_Aim of the exercise_
In the material below, how many lines include the string "beautifully"? Answer with the number and nothing else.
[[ Working data open ]]
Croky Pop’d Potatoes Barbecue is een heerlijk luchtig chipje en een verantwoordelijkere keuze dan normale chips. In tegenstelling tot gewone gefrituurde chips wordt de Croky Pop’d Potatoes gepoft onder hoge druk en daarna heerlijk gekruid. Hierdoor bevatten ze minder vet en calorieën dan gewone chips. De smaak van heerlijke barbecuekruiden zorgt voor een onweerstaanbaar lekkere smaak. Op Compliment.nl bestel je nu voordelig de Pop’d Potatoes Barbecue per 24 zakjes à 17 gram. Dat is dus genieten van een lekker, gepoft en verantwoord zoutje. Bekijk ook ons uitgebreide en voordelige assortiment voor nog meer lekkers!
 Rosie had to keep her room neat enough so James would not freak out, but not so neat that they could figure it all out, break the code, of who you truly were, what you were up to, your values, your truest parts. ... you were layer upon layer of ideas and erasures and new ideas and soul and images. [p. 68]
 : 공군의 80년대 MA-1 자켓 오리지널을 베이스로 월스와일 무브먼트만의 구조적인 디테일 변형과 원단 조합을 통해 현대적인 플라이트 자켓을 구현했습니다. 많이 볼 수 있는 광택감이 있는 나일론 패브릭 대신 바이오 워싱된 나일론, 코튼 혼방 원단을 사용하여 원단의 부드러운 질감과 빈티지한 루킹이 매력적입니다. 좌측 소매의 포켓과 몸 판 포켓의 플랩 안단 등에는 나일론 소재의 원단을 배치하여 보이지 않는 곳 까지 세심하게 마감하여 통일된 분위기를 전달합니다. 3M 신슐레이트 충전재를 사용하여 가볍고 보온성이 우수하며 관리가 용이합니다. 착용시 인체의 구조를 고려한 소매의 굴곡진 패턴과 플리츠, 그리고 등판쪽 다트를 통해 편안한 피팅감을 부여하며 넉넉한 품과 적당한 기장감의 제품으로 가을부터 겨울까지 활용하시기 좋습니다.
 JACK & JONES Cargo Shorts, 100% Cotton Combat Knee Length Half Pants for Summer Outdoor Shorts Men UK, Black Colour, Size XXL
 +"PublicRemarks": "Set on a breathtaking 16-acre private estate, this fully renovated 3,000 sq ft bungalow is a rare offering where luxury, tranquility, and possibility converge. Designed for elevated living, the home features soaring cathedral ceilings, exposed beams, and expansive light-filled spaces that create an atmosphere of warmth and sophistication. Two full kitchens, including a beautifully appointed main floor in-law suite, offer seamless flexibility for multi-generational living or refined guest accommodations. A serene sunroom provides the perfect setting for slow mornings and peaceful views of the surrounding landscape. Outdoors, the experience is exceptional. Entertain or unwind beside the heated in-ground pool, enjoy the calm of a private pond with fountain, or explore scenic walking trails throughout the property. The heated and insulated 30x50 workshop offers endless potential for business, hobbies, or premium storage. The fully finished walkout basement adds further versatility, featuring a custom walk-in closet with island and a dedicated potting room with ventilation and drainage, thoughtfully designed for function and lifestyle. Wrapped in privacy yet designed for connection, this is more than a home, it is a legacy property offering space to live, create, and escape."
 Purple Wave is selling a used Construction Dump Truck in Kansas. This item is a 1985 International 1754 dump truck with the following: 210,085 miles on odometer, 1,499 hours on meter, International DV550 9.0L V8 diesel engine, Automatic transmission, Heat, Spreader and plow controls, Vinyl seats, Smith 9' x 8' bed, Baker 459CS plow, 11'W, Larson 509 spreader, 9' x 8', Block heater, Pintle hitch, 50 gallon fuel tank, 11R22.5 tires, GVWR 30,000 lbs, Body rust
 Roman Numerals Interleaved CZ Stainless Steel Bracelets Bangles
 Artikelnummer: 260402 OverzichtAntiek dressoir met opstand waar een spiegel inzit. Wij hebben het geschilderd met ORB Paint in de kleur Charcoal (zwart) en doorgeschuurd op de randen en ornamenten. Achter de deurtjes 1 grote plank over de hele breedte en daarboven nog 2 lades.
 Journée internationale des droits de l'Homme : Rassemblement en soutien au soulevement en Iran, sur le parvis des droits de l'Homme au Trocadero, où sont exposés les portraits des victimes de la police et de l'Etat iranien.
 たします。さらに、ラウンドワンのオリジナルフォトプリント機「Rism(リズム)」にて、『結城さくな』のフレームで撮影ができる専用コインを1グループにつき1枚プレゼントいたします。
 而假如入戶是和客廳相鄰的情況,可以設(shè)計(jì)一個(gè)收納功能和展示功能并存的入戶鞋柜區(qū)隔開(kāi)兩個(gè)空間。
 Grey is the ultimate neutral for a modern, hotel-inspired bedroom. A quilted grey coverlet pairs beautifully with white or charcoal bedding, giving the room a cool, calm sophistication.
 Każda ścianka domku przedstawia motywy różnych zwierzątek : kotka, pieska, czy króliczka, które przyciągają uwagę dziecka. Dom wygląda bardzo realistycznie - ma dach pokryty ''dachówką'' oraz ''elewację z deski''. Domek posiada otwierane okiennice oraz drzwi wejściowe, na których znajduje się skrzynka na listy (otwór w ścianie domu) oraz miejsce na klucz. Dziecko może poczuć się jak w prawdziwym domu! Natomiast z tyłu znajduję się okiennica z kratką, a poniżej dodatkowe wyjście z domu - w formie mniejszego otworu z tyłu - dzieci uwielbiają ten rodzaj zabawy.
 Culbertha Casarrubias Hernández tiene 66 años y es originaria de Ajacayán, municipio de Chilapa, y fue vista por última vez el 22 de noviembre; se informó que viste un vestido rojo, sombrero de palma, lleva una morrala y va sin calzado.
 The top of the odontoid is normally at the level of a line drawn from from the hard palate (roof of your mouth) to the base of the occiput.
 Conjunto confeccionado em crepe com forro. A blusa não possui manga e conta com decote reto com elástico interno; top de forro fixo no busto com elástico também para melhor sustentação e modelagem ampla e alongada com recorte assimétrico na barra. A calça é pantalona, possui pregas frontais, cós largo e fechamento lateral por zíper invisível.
[[ Working data closed ]]
_Reply to the exercise_
2